The lines from the one containing "Programozható, fejbe épített" through the last one in the data: please copy those exactly, and only those, without the pictures.
*** Opening of AVAILABLE DATA ***
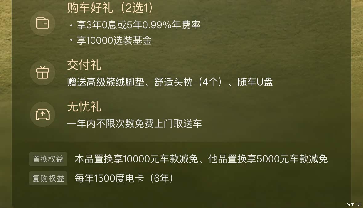 3年0息,这个政策不错。本品置换,少1万,其他车少5000。复购的话有6年免费点卡,一年1500度。算下来相当于9000块。
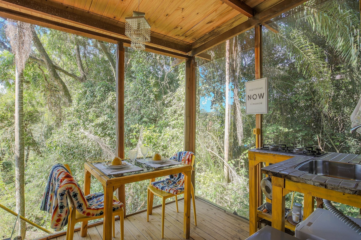 Relaxe neste lugar único e tranquilo. Casa inteira de vidros e rodeada de mata (estadia integrada à natureza, com conforto e romantismo). Sente na varanda aprecie o sol nascer. Pequena cozinha com utensílios. Acesso gratuito ao lago, caiaque, cascata, piscina, PetFriendly (pets dóceis c/ humanos e animais). Crianças > 13 anos Fogo de chão / churrasco de parrilla. Aqui habitam insetos e pequenos bichos. Alguns restaurantes entregam; temos um mini-mercado.
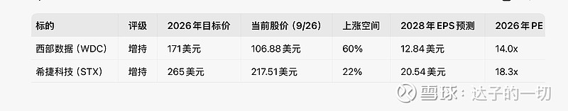 • 估值与目标价:当前股价对应14倍2026年PE,较希捷折价25%,但盈利增速与利润率相当,折价不合理。报告给予目标价171美元(60%上涨空间),牛市情景下可达215美元(111%上涨空间)。
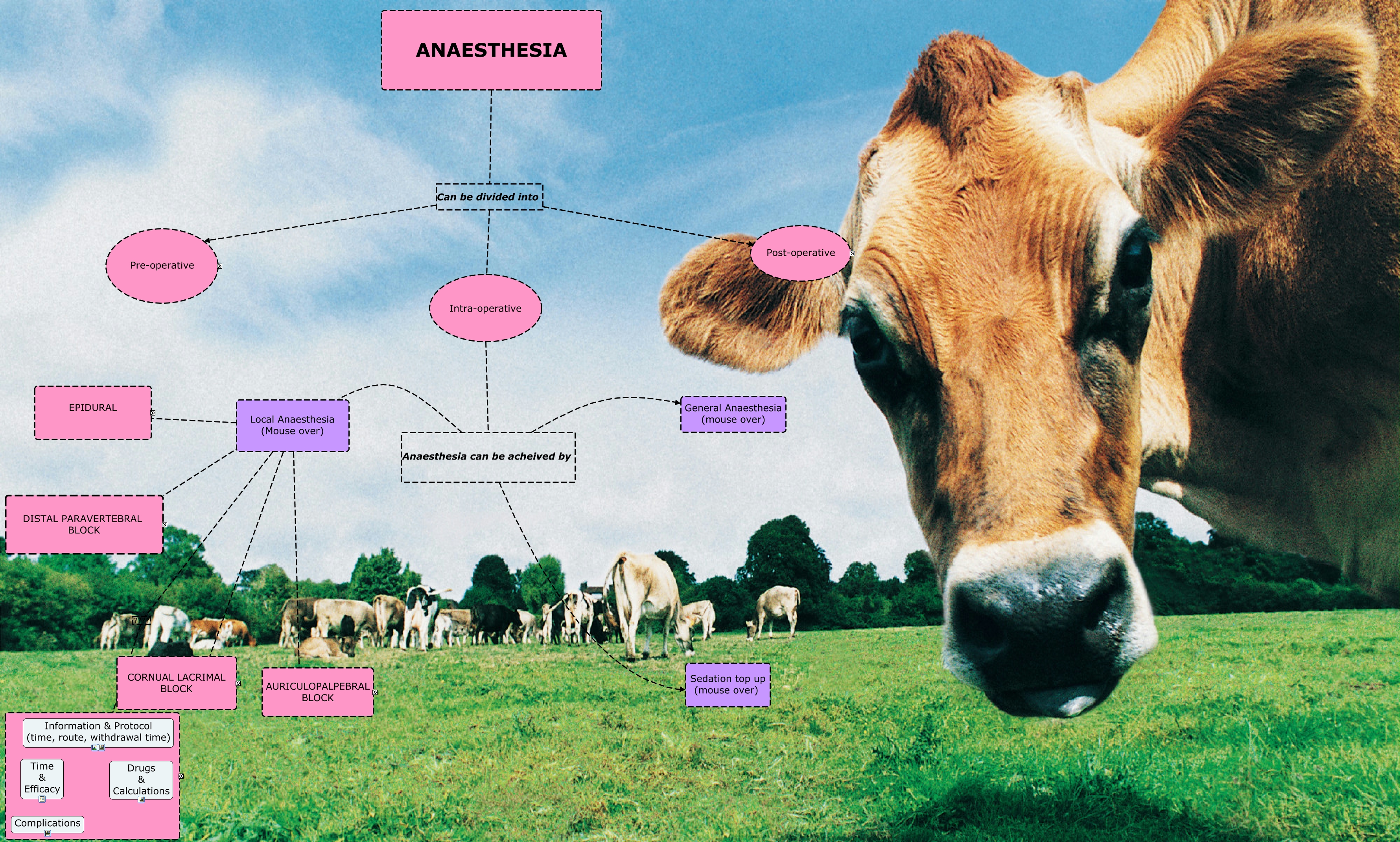 This Concept Map, created with IHMC CmapTools, has information related to: Lab 2, Intra-operative Anaesthesia can be acheived by Sedation top up (mouse over), ANAESTHESIA Can be divided into Pre-operative, Local Anaesthesia (Mouse over) ???? EPIDURAL, ANAESTHESIA Can be divided into Monitoring, Local Anaesthesia (Mouse over) ???? DISTAL PARAVERTEBRAL BLOCK, Local Anaesthesia (Mouse over) ???? IV REGIONAL, ANAESTHESIA Can be divided into Client education (mouse over), ANAESTHESIA Can be divided into Intra-operative, Intra-operative Anaesthesia can be acheived by General Anaesthesia (mouse over), Local Anaesthesia (Mouse over) AURICULOPALPEBRAL BLOCK, Intra-operative Anaesthesia can be acheived by Local Anaesthesia (Mouse over), Local Anaesthesia (Mouse over) CORNUAL LACRIMAL BLOCK
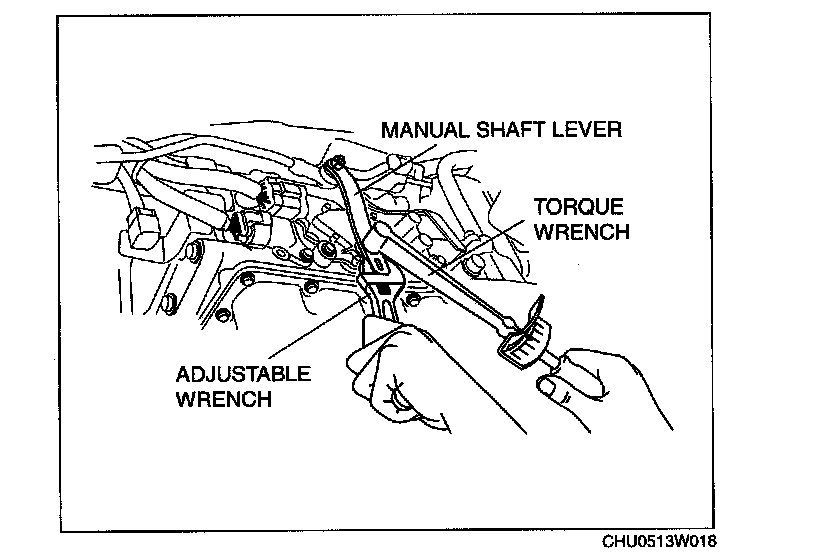 Do not use an impact wrench. Hold the manual shaft lever when removing the manual shaft nut, otherwise the transmission may be damaged.
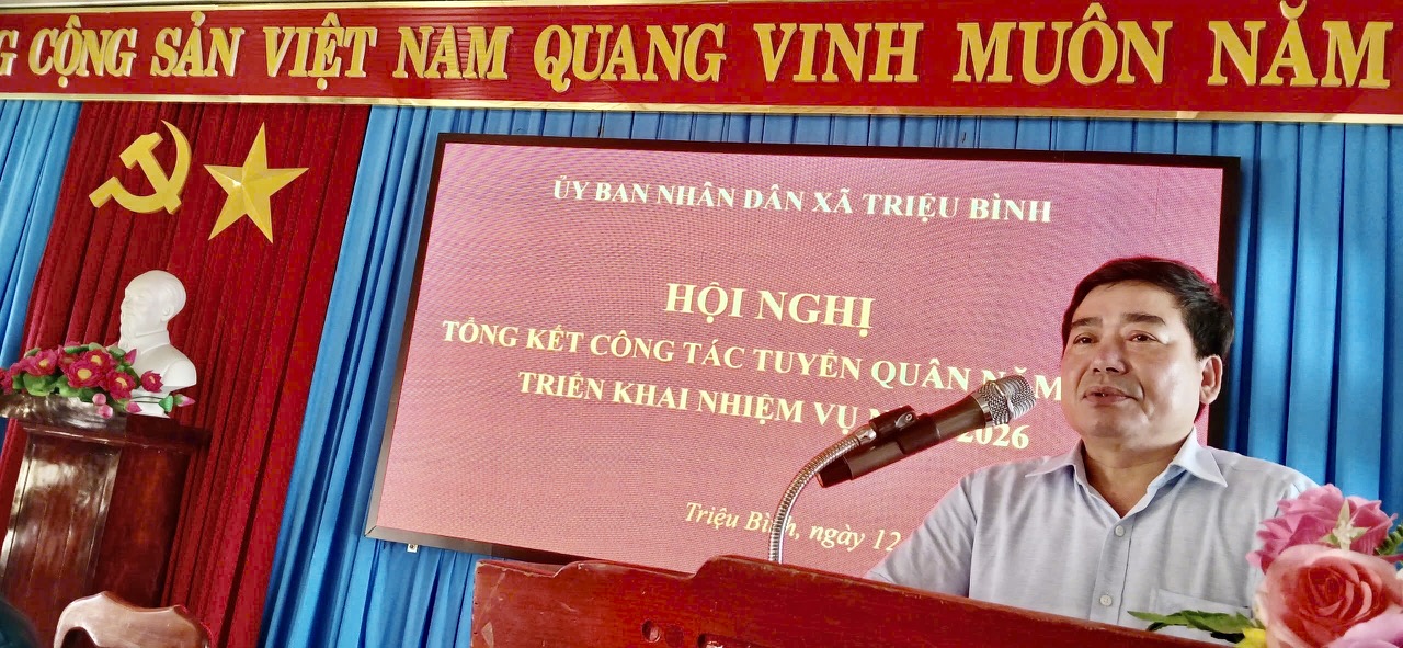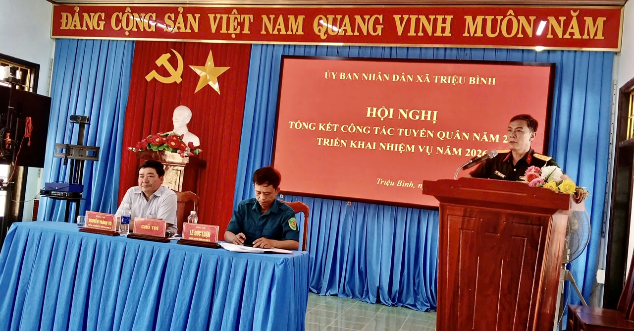 Phát biểu chỉ đạo Hội nghị Đ/c Phó Chỉ huy trưởng Ban Chỉ huy PTKV4-Triệu Phong đã ghi nhận, biểu dương những kết quả đã đạt được trong năm 2025 của xã nhà, tiếp thu những kiến nghị đã nêu trong báo cáo và kiến nghị của đại biểu đồng thời nêu lên một số tồn tại hạn chế trong năm, những khó khăn trong thời gian tới và định hướng một số nhiệm vụ cần tập trung lãnh đạo, chỉ đạo công tác tuyển quân năm 2026.
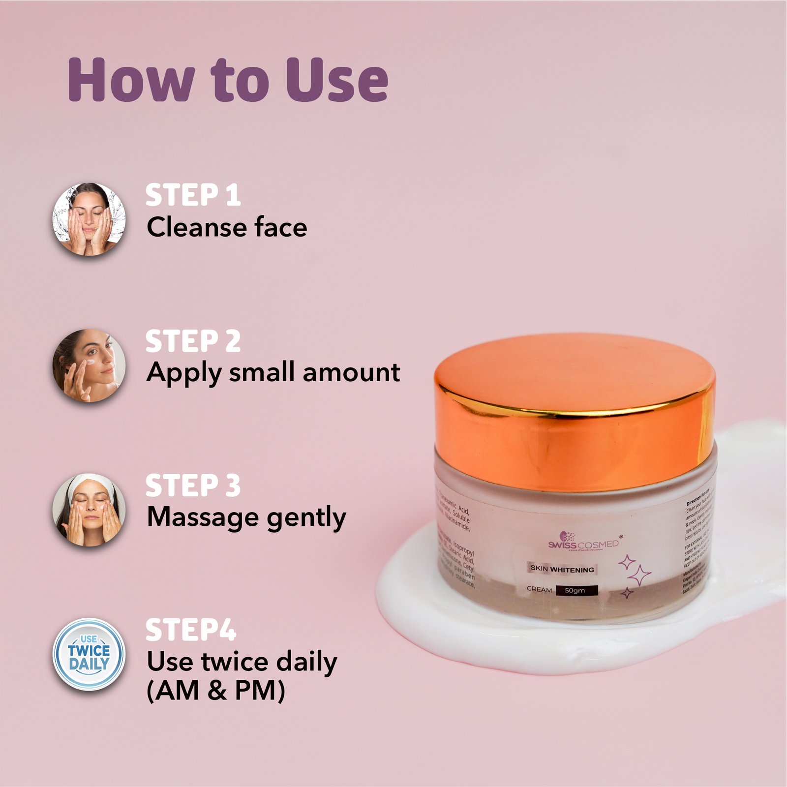 - Use twice daily: once in the morning and again at night.
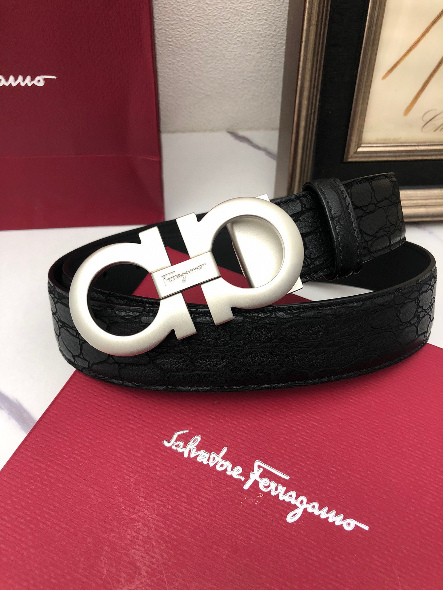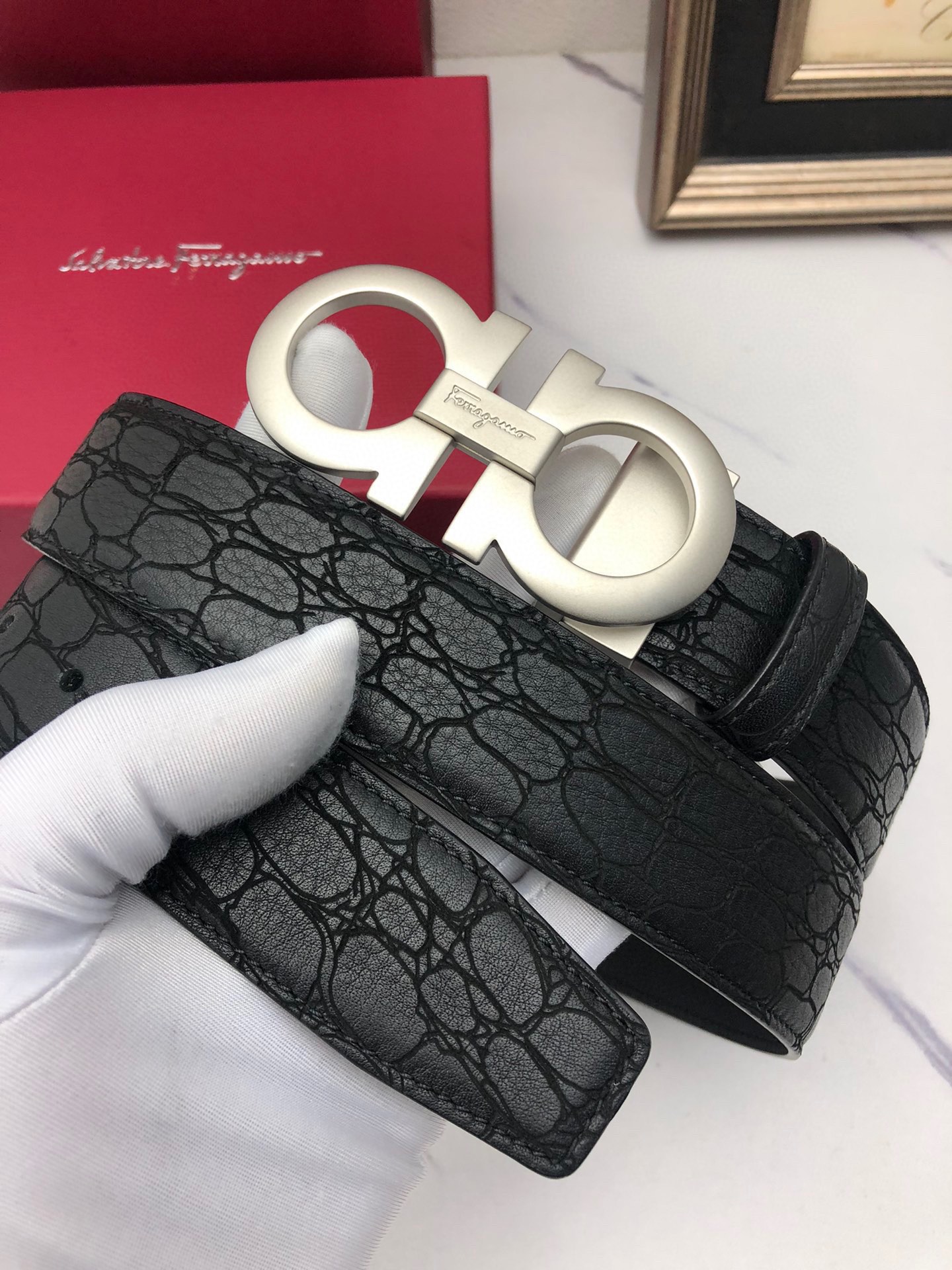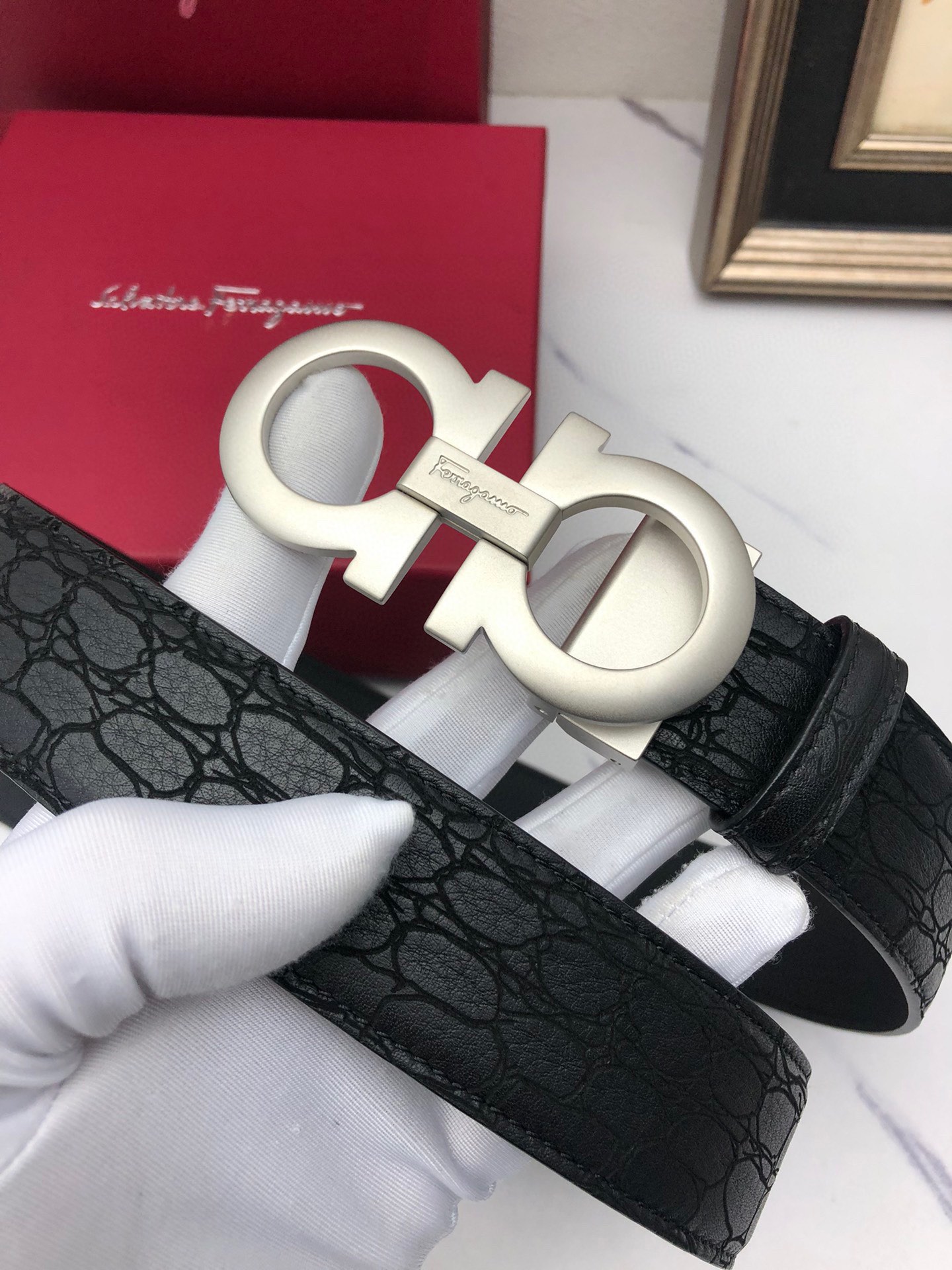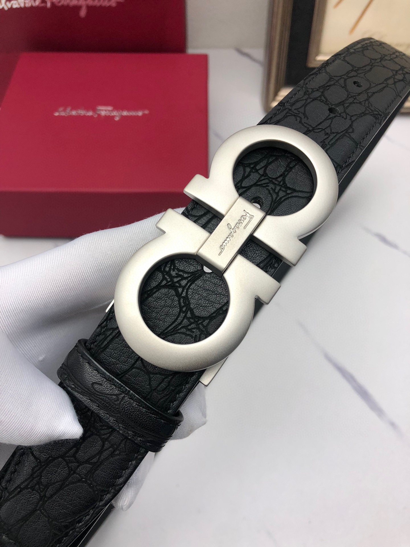 这款皮带是AAAAA 1:1 质量 (非常棒). 使用了和原版一模一样的材料. 商标部分也保持了和菲拉格慕/Salvatore Ferragamo一样. 图片拍摄是实物皮带拍摄, 您所收到的实物保证和我们图片一模一样.
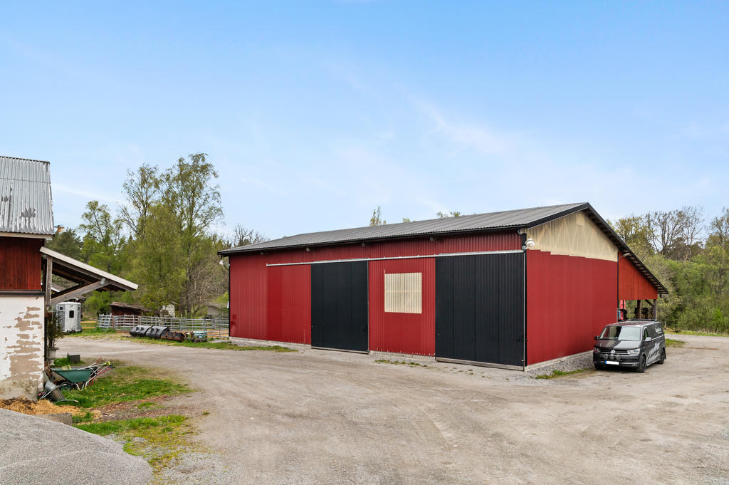 Denna byggnad är 240 kvm med väggar av plåt och gjuten platta och är byggd 2013. I mitten på ena långsidan finns ett teknikrum som är isolerat. Här finns alla möjligheter för användningsområde, bara fantasin sätter stopp. Takhöjden är ca Med andra ord en rymlig och praktisk lösning för förvaring av fordon, utan också en fantastisk möjlighet för hobbyverksamhet eller egen företagsdrift.
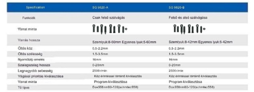 Programozható, fejbe épített energiatakarékos szervo motor, szálvágás, központi olajozás,
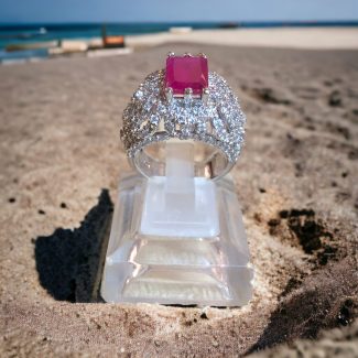 Silver Polsih Ring with Round Brilliant Side Stones
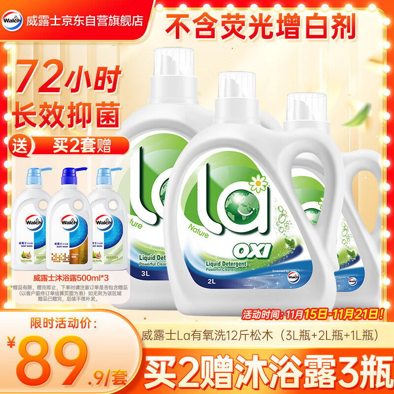 威露士la有氧洗衣液松木香12斤全瓶组合装(3L+2L+1L) 除菌除螨除霉味
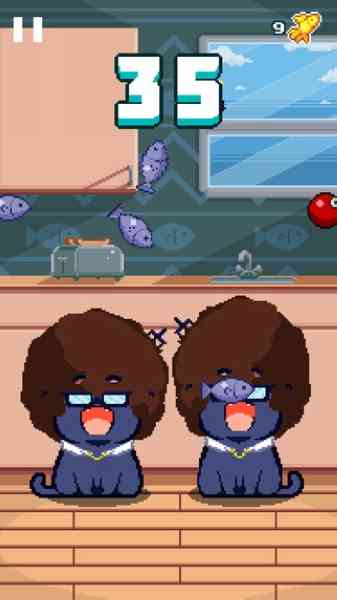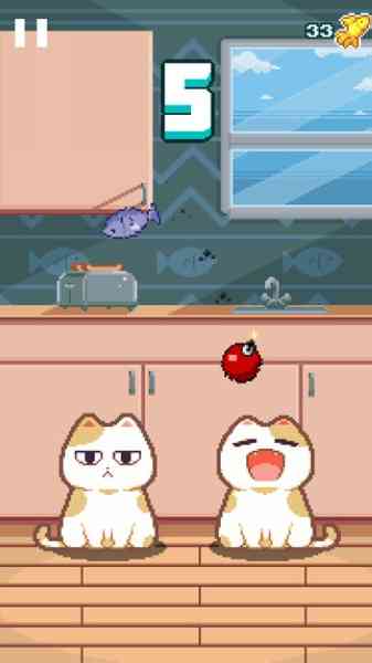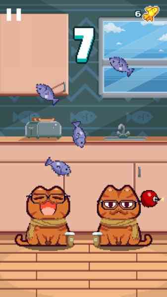2. 玩家只需控制一个猫咪可能觉得很简单,但屏幕中可是有两只小猫咪呢。玩家每次都要一边控制两只小猫来接住小鱼干, 提到这个... 所以玩家不仅观察能力要好,再说一个的反应能力也要非常快,不然小鱼干掉到地上小猫可是会哭的。
*** Close of AVAILABLE DATA ***
→ **RESULT OF THIS TASK**
 Programozható, fejbe épített energiatakarékos szervo motor, szálvágás, központi olajozás,
 Silver Polsih Ring with Round Brilliant Side Stones
 威露士la有氧洗衣液松木香12斤全瓶组合装(3L+2L+1L) 除菌除螨除霉味
2. 玩家只需控制一个猫咪可能觉得很简单,但屏幕中可是有两只小猫咪呢。玩家每次都要一边控制两只小猫来接住小鱼干, 提到这个... 所以玩家不仅观察能力要好,再说一个的反应能力也要非常快,不然小鱼干掉到地上小猫可是会哭的。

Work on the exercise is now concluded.